Some more innovative work from the London School of Economics. This genuinely thought-provoking 8 minute video describes a collaboration between the LSE-hosted International Growth Centre and Zambia’s Ministry of Health. The background academic paper is here.
Researchers and officials worked together to answer an important question: to motivate people in rural villages to become rural community health workers (CHWs), is it best to appeal to their community spirit, or to their hopes for individual career development? If you do the latter, will people lose their link to the community, and replicate the problem with more standard professional health workers, many of whom hate working in rural areas, and head for the city?

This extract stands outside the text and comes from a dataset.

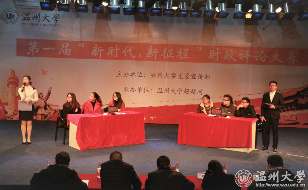 为深入学习宣传贯彻党的十九大精神,引导广大学生关注国家大事,增强“四个自信”,争做社会主义核心价值观的坚定信仰者、积极传播者、模范践行者,12月24日,我校首届 “新时代 新征程”时政评论大赛在演播厅举行,来自学校各学院的 33支队伍参加比赛。 比赛中,各参赛队就“十九大”精神和近期国内外大事等相关知识进行回答。“俄罗斯禁赛事件”“我国主要矛盾的变化”“佛系青年”“鹿晗与袁隆平在网络上的关注度问题”……在时政评论中,选手们侃侃而谈,旁征博引,以多种多样的形式对社会热点新闻事件作独到的解读,展现了新时代青年的蓬勃朝气、积极向上的青春风采。 经过激烈角逐,教师教育学院第一代表队夺得桂冠,法政学院第二代表队、生环学院第三代表队获得了二等奖,体育学院代表队、数电学院代表队、法政学院第三代表队获得三等奖。教师教育学院第一代表队还同时获得最佳风采奖,生环学院获得最佳组织奖。 “以时事带动思考,以思考彰显魅力”,参赛者单天赏同学表示:“在大赛中,不同观点碰撞,相同理念融合。参加时政评论评大赛,就是一个全面学习的过程,引导我们如何理性正确地思考每一个备受关注的热点问题。”

To do that, they divided up 160 villages targeted for recruitment. In half they put up posters that stressed ‘come and serve your community’, in the rest they put the emphasis on careers (see pics). Sure enough, the posters attracted different kinds of people to apply for CHW training.
So what happened? The paper concludes:
‘We find that making career incentives salient attracts more qualified applicants with stronger career ambitions without displacing pro-social preferences, which are high in both treatments. Health workers attracted by career incentives are more effective at delivering health services and are equally likely to remain in their posts over the course of 18 months. Career incentives, far from selecting the “wrong” types, attract talented workers who deliver health services effectively.’

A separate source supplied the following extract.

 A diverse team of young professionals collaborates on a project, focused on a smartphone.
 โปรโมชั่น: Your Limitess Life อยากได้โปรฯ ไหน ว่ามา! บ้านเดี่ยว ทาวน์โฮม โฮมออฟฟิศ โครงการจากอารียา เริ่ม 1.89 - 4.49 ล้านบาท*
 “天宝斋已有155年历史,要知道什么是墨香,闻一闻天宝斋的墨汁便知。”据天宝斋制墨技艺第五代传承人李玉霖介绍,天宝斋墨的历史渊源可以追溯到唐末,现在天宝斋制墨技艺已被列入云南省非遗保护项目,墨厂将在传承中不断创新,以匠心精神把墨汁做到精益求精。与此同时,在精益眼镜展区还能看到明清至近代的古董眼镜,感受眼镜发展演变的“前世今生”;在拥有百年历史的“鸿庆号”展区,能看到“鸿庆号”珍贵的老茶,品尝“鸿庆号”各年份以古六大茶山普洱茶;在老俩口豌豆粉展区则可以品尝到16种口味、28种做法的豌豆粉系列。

There are important lessons here. Firstly, the way to generate research – the IGC built long term relationships with the Ministry of Health, meaning that they could work together on the basis of trust and respect. The very opposite of the ‘extractive research’ that is all too common in academia. (‘I need access to your community for my research’).
The findings suggest that career incentives work better and do not lead to an exodus of staff. However, one caveat – to be certain, you would want to follow the CHWs over a longer period of time than 18 months to test for desertion rates.
One other caveat – it still feels very top down. LSE pointy heads workshopping busily with Ministry officials and sympathetic politicians and agreeing what tests to run on the communities in terms of recruitment strategies. What would the research have looked like if they’d designed it with the involvement of CHWs or the communities themselves? Rather different, I imagine.
It all goes some way to restoring my faith in the value of randomization and experimental approaches, when done well. And of course, it’s a brilliantly accessible way to publicise research findings.